OgolnieTytułem wstępu:
Ta recenzja jest pisana wyłącznie przeze mnie i wyłącznie w oparciu o moje własne i osobiste odczucia,dlatego niektórzy mogą się z pewnymi jej punktami nie zgadzac.
Jestem w posiadaniu oryginalnego vinyla,więc nie ma możliwości wystąpienia uhybień w recenzji związanych z jakością dźwięku
Bede usatysfakcjonowany,jesli ten tekst namówi choć jedna osobę do kupna tej plyty
O Plycie:
Ta płyta skazana była na sukces.Powstała w rok po ukazaniu sie albumu Powerslave i zaraz po morderczej trasie-jednej z najbardziej wyczerpujących w karierze Maiden.

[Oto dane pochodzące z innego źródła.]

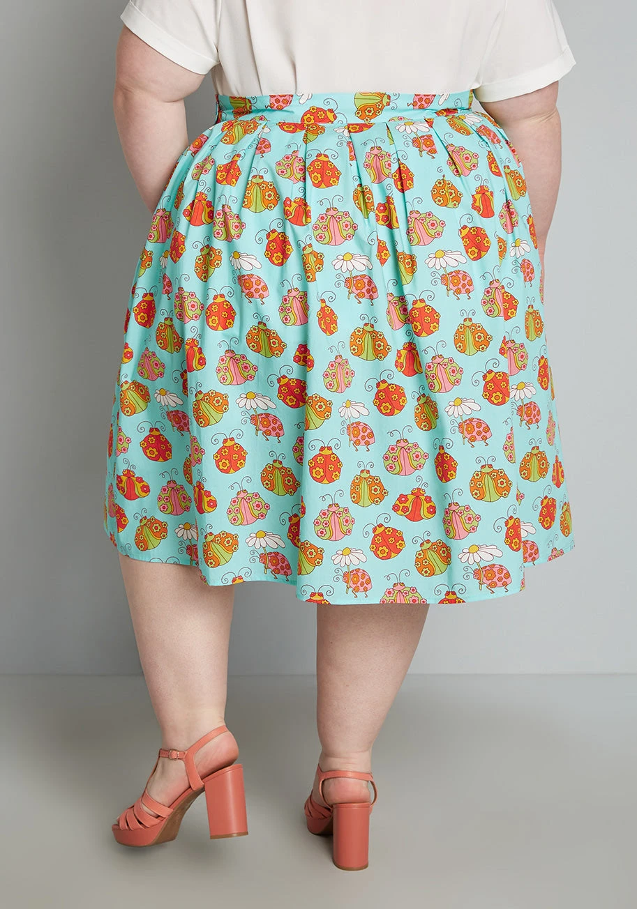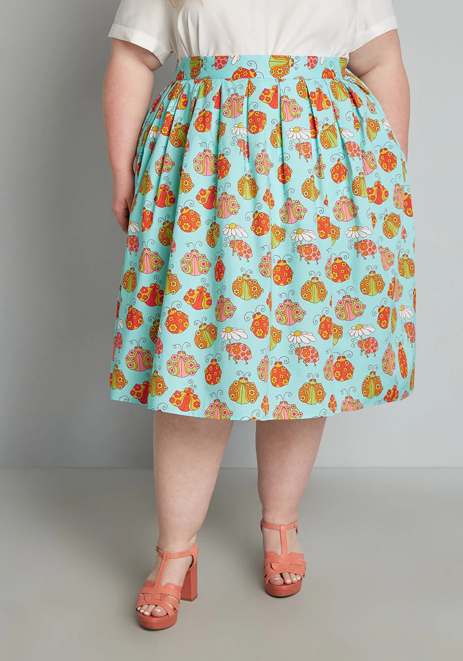 We are so excited to bring you this sky blue pleated skirt from our debut collaboration with Marisol Muro that boasts an exclusive, hand drawn print of florally adorned ladybugs in shades of pink, green, red, and yellow. Made from a lightweight woven fabric, this high-rise circle skirt boasts stylish pleats throughout, handy side pockets, and a retro-chic A-line silhouette. Such a unique piece, you’ll love the summertime vibes that Marisol’s artwork brings to this fabulous swing skirt.

Zespol chcial zrobic sobie przerwę,i aby umilić fanom oczekiwanie na kolejne studyjne dzieło wydali tę płyte.
Z punktu widzenia tamtych czasów album zaskakiwał soczystościa i energia.Zamknąwszy oczy mozna było sie poczuć jak w samym srodku sai Long Beach Area.
Dzisiaj wzbudza zainteresowanie tym,że połowy z obecnych na albumie piosenek nie slyszy sie na obecnych koncertach Maiden,a uslyszenie tych hitów live i to jeszcze w okresie najlepszej dzialalności zespolu jest nie lada przeżyciem.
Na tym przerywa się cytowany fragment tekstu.